B2C companies are increasingly using video to target their products and services directly to the consumer. Less common is the use of video by B2B companies. That’s changing, though, as more and more B2B companies incorporate video into their marketing and communication strategies.
What are the advantages of video in B2B marketing?
Video is now an integral part of marketing. It attracts more attention than other marketing channels, and it can help you distinguish your brand from your competitors.
According to a study conducted by Wyzowl, 87% of video marketing professionals stated that videos had had a positive impact on ROI (Return On Investment). The impact could be seen through the entire marketing cycle.
Participants reported that video helped them:
- Increase the number of website visitors
- Keep visitors on the site longer
- Increase click and conversion rates
- Educate customers on their products and services
- Generate leads
- Reduce the number of calls to technical support
In short, video created significant advantages before, during and after the sales process.
When can you use video in your B2B marketing strategy?
Videos targeted to end consumers can be fun and light because they’re meant to create an emotional connection. The purpose of B2B video is slightly different. Its primary goal is to educate the buyer using objective content that demonstrates your company’s value to their business.
The tone of your videos needs to be more professional and serious than B2C videos without being boring. Promotional videos can be a little more humorous and fun, as long as you don’t overdo it and your message is still clear.
Your marketing strategy can integrate different types of videos, including:
Company presentations: Videos are a great way to present company overviews to prospective customers or updates to employees. They help you increase brand awareness and reinforce your brand image.
Customer testimonials: A common B2B marketing strategy is to promote your company through storytelling, using satisfied customers to tell an engaging story about their experiences with you. Their feedback increases both awareness of your products and services and trust.
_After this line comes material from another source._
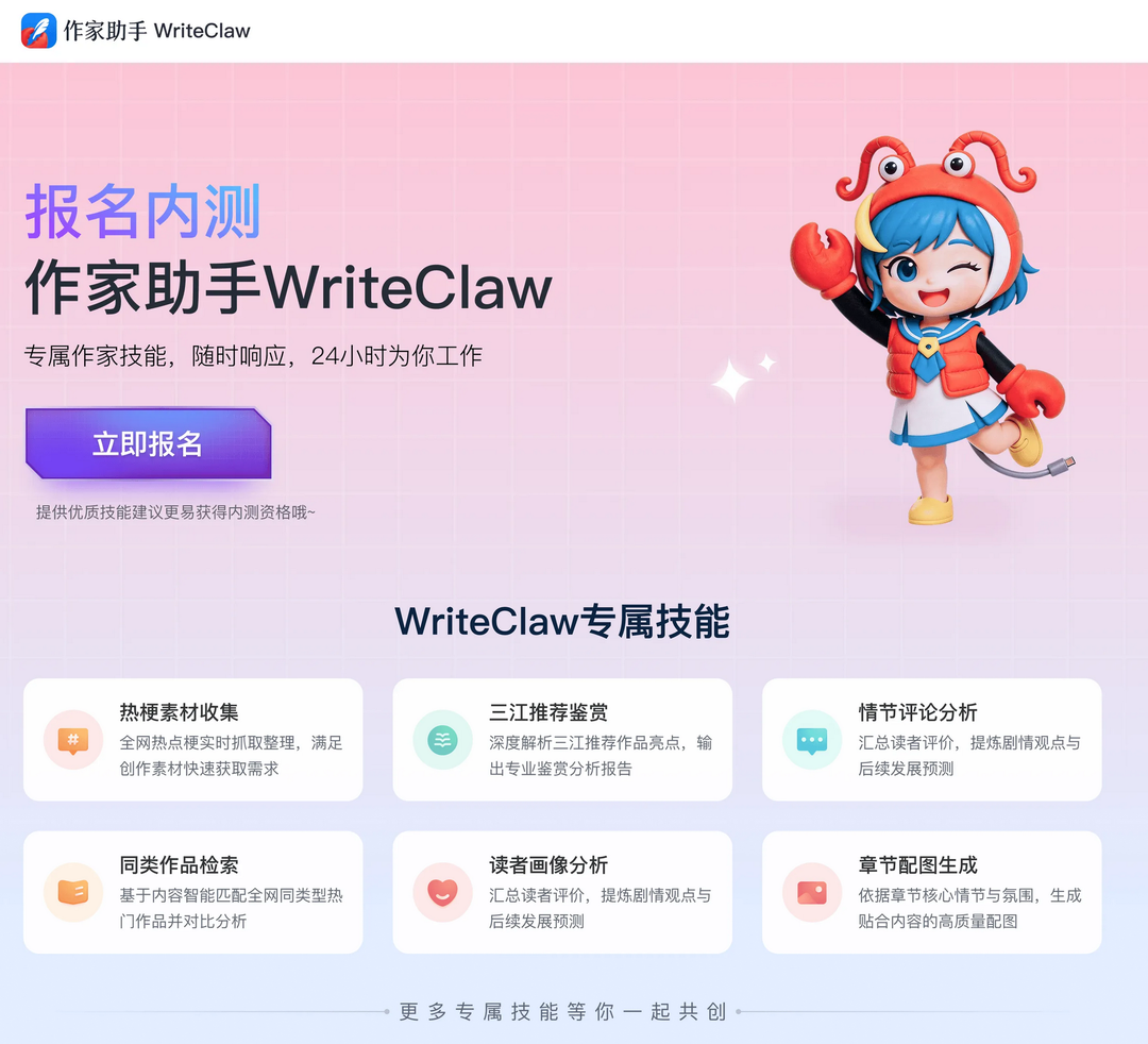 阅文集团旗下“作家助手”宣布 WriteClaw 正式开启内测,旨在打造集编辑与运营职能于一身的“超级助理”,进一步降低网文创作与运营门槛。

Product demonstrations: Many products come with instruction manuals. Some customers may be fine with that, but others may learn more from seeing how a product is set up, used or maintained.
Events: A great strategy to promote an event before it takes place, and to recap the event after it’s over.
Learning sessions: Replays of webinars and other online events are valuable to people who couldn’t attend the actual event but still want the information.
All these types of videos lend themselves particularly well to social media, where they can be easily shared by viewers. In fact, they can help you grow your follower base if you frequently post new video content. Cisco, for instance, posts about five videos each day and currently has more than 4 million followers on LinkedIn.
Why integrate subtitling with your video strategy?
The popularity of video content, combined with the ability to share with contacts all over the world, makes video a powerful B2B marketing channel. The only drawback? The video may not have the same impact on viewers who speak other languages.
Fortunately, professional subtitling is a quick and economical solution. It makes your video more accessible to multilingual audiences and puts your brand in front of more potential customers. Subtitles faithfully communicate the message in your video but are also adapted to ensure the tone and meaning resonate as much in other languages.
Subtitling is only one way to attract attention to your videos. As more and more people prefer to watch video with the sound off, closed captioning can go a long way toward attracting viewers (and potential customers) who speak your language.
Videos attract a lot of attention among consumers. As it turns out, it’s also a good channel for B2B marketing. When planning your marketing strategy, consider adding video to the mix.